French Foreign Minister Bernard Kouchner said his country stood by Lebanon “in the face of these repeated attempts at destabilisation”. He urged the Lebanese to resume dialogue.

‘Big, ugly cloud’

 The blast hit near an amusement park and a football club, setting a car ablaze and shattering windows at a nearby restaurant.
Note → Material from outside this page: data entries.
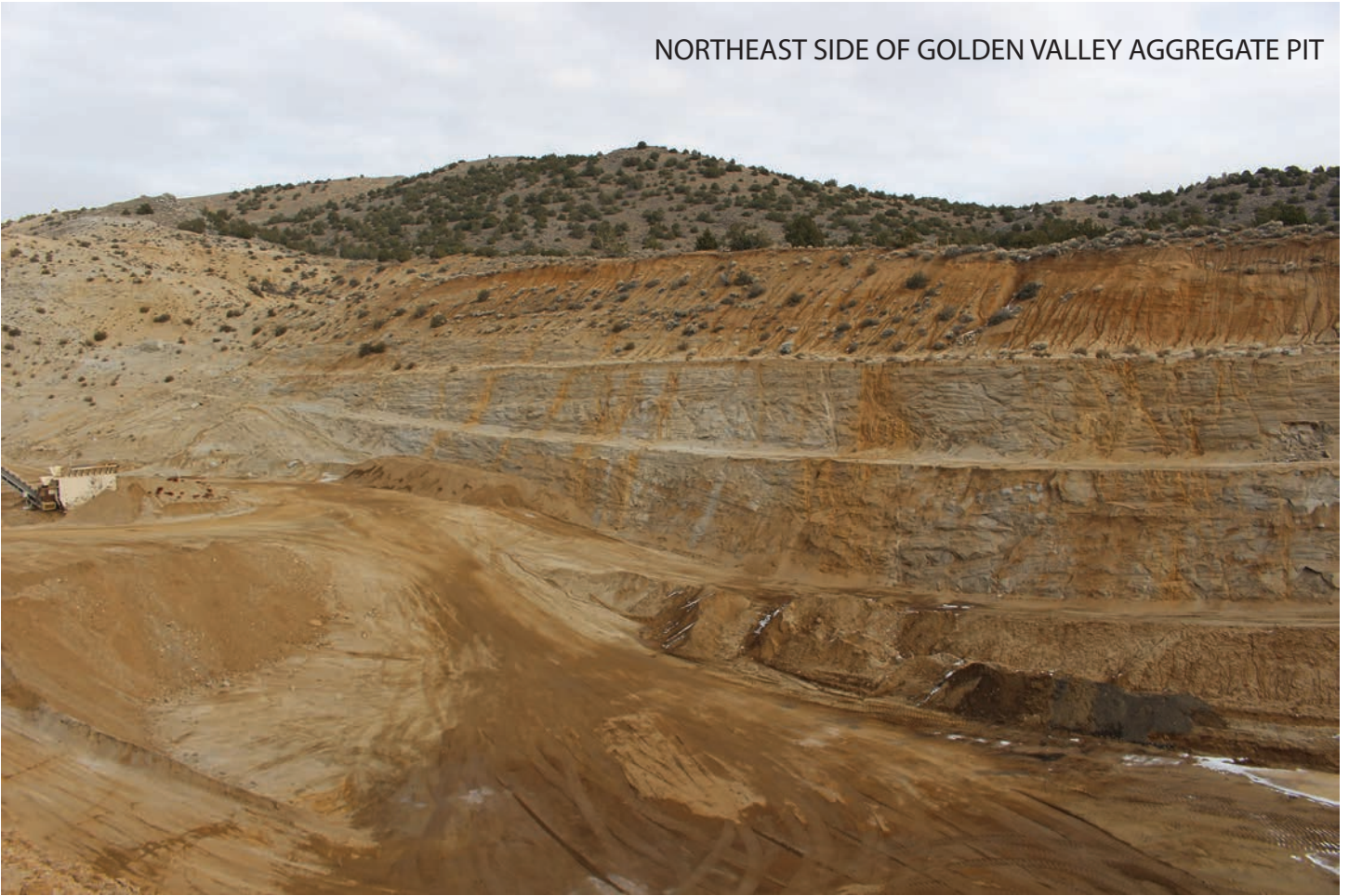
NORTHEAST SIDE OF GOLDEN VALLEY AGGREGATE PIT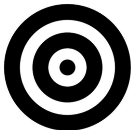
Public Sector Integrity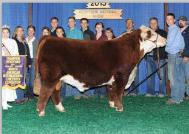
BAS DJF KJD Oshie 150B ET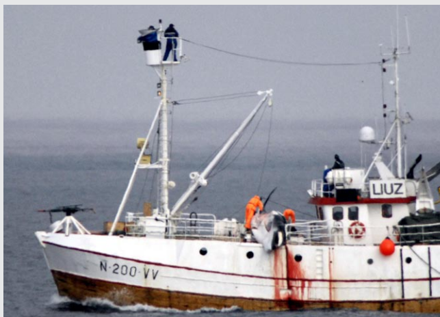
Painful death: Norwegian whaler "Brandsholmboen" and a harpooned Minke whale kill in Hamningberg.

In 2008 Japan set out to kill 1,415 great whales for 'scientific research'. The IWC believes the current lethal 'scientific' programmes are unnecessary and has called on Japan to stop this kind of whaling 15 times in the last 20 years.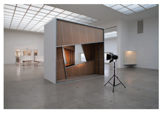
Exhibitions for Secession, 2011, at Secession, in Vienna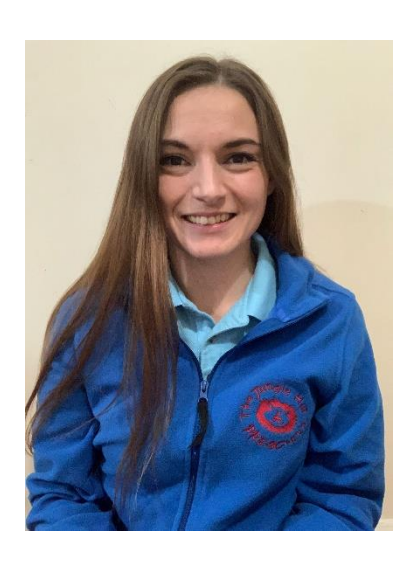
Qualifications and Training: Working towards NVQ Level 2 in Childcare Safeguarding Level 2 Paediatric First Aid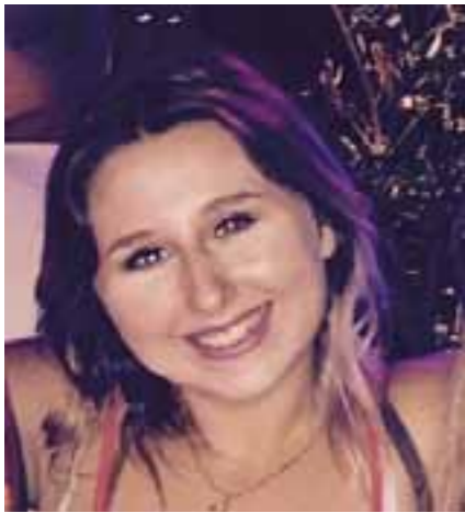
Mariah The President

Who are the People behind the New Council?

It hurled the bodies of Eido and his son across the road and into the football ground, witnesses said.

“It sounded like it was in your backyard,” said Herbert Lahout, 45, a US citizen who had been playing volleyball on a nearby beach. “It was like a mushroom cloud, a big ugly cloud.” Five less powerful bombs have exploded in and around Beirut in the past month, killing two people.

Eido’s death was likely to fuel tension between Siniora’s Western-backed government and the pro-Damascus opposition led by the Shiite Hizbollah group.

Parliament member Wael Abou-Faour accused Syria of killing his colleague.

“Walid Eido was assassinated because there is a decision by the Syrian regime to terminate the March 14 bloc,” Abou-Faour told Al Arabiya television, referring to the Hariri-led coalition.

Parliament Speaker Nabih Berri, a Shiite opponent of the government, condemned the killing, as did Hizbollah and Christian opposition leader Michel Aoun.

Tension was already high in Lebanon, where the army has been battling Islamist fighters at a Palestinian refugee camp in the north for more than three weeks.

Two Lebanese soldiers were killed in fresh fighting at the Nahr Bared camp on Wednesday, security sources said.

Al Qaeda-inspired Fateh Islam gunmen attacked Lebanese army posts set up at newly seized territory in the outskirts of Nahr Bared overnight and in the early morning, they said.

Army units, which had seized two militant positions in heavy fighting on Tuesday, responded with dozens of artillery rounds, sending smoke rising from the camp’s cinderblock buildings.

The battle for the camp, Lebanon’s bloodiest internal violence since the 1975-1990 civil war, has killed 144 people — 62 soldiers, 50 militants and 32 civilians — since May 20.